Some technicians work for companies that maintain their own vehicles. Such technicians spend much of their time performing preventive maintenance. A routine maintenance check might include following a checklist that includes inspecting the steering mechanisms, brake systems and wheel bearings. After the inspection, the technician may adjust or repair parts that are not working properly or replace or remove parts that are not able to be fixed.
A variety of different tools may be used by diesel service technicians, including power tools like pneumatic wrenches that can quickly remove bolts, lathes, grinding machines, welding equipment and jacks and hoists. Hand tools are also commonly used, including wrenches, pliers and screwdrivers. A variety of different computerized testing equipment may also be used by diesel service technicians and mechanics in order to analyze the functions of electrical systems and engines. Power tools, which are often expensive, may be provided by employers however, most mechanics furnish their own hand tools.

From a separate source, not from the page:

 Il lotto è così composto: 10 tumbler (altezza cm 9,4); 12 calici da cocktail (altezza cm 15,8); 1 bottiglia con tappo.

Most diesel technicians and mechanics work areas that are ventilated and well-lighted; however, they may also be noisy and drafty. While many diesel technicians work indoors, they may sometimes need to repair vehicles on the jobsite or on the road. Mechanics and technicians must be able to lift heavy tools and parts, handle parts that are dirty and greasy and lie or stand in awkward positions. Minor bruises, cuts or burns are fairly common to this industry. Technicians and mechanics may work as part of a team or sometimes be assisted by a helper or apprentice for heavy work, which can include removing transmissions and engines.
Most diesel mechanics and technicians will work a standard 40 hour work week, although some work longer hours, especially if they are self-employed. Many shops have now expanded their hours to offer more convenience to customers. Some bus and truck firms provide repair and maintenance service 24/7.

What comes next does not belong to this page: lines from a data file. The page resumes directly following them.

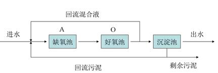 A-O工藝法也叫厭氧好氧工藝法,A是厭氧段,用于脫氮除磷;O是好氧段,用于除水中的有機(jī)物。該工藝的主要缺點(diǎn)有兩個:一是由于沒有獨(dú)立的污泥回流系統(tǒng),從而不能培養(yǎng)出具有獨(dú)特功能的污泥,難降解物質(zhì)的降解率較低;二是若要提高脫氮效率,必須加大內(nèi)循環(huán)比,因而加大運(yùn)行費(fèi)用。此外,內(nèi)循環(huán)液來自曝氣池,含有一定的DO,使A段難以保持理想的缺氧狀態(tài),影響反硝化效果,脫氮率很難達(dá)到90%。
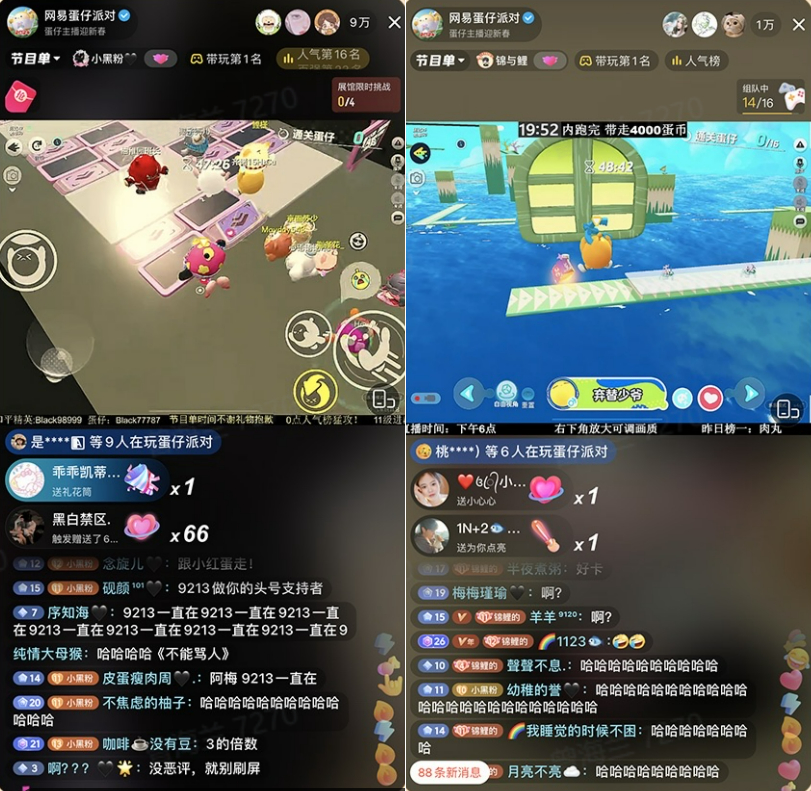 2024新春环游记:小黑粉(左)、锦与鲤(右)直播《蛋仔派对》
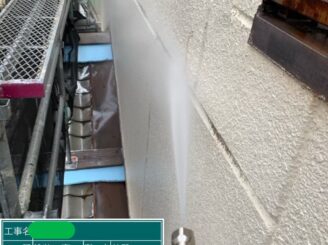 外壁高圧洗浄。外壁に付着した汚れ・カビ・劣化塗膜を高圧洗浄で除去。

Diesel Mechanics and Technicians Training and Education Requirements
Employers usually prefer to hire candidates who have graduated from a formal training program, although some mechanics and technicians may learn diesel engine repair through an on-the-job training program. Three to four years of experience is usually required in order to become a journey-level technician. High school courses in electronics, auto repair, math, English and physics can be important for entering this career.

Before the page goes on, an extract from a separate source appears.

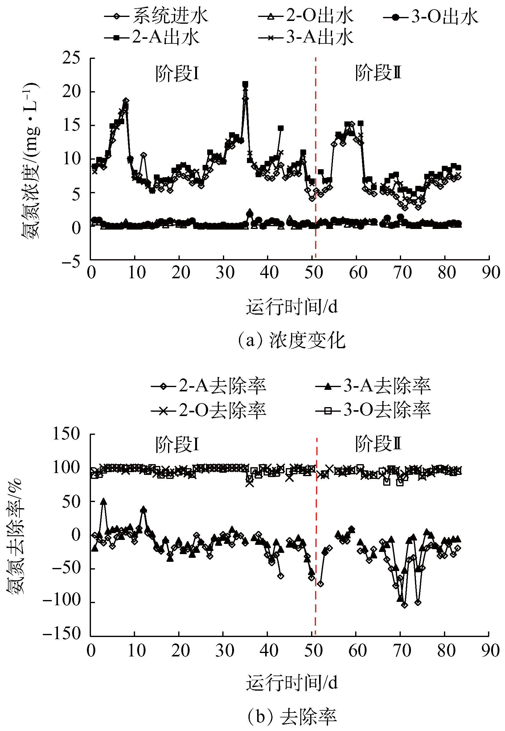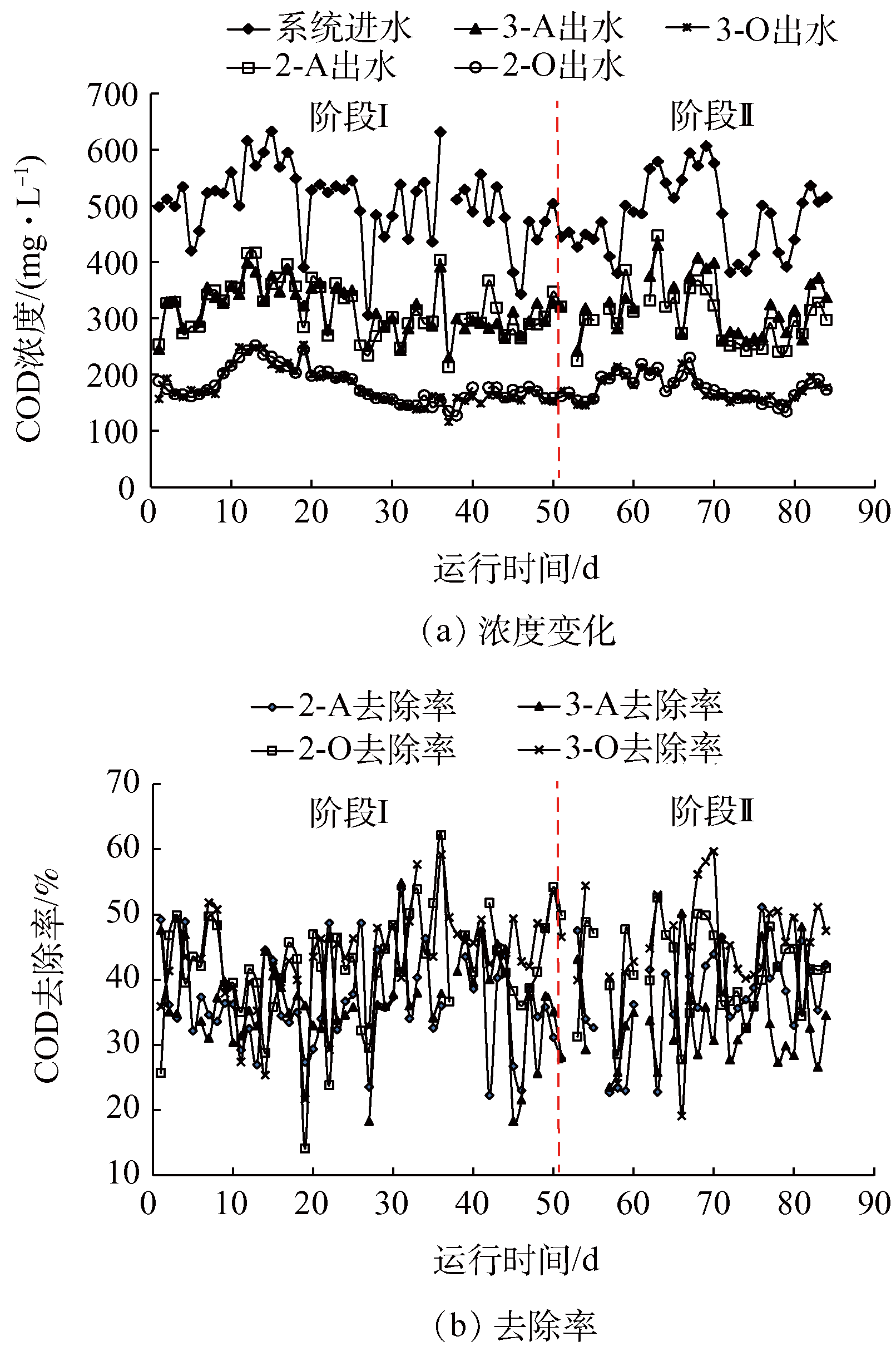 階段Ⅰ(第1~50天):將2套系統(tǒng)進(jìn)水調(diào)整為100%實(shí)際印染廢水后,為穩(wěn)定進(jìn)水條件,第11 天開始用濃硫酸將2套系統(tǒng)進(jìn)水pH均調(diào)節(jié)至6.0~6.5之間,運(yùn)行50 d之后2套系統(tǒng)出水水質(zhì)基本穩(wěn)定。

Many colleges as well as vocational and trade schools offer diesel engine repair programs which last from six months to two years and will lead to a certificate of completion or associate degree. Some programs include approximately 30 hours per week of hands on equipment training.
While formal training is preferred, some mechanics and technicians learn their skills through on-the-job training. In the beginning they may be assigned such tasks as cleaning parts, driving vehicles in and out of the shop, fueling vehicles, etc. With experience, beginners may be promoted to trainee positions. After time, they may then begin to make minor repairs while improving their ability and competence level.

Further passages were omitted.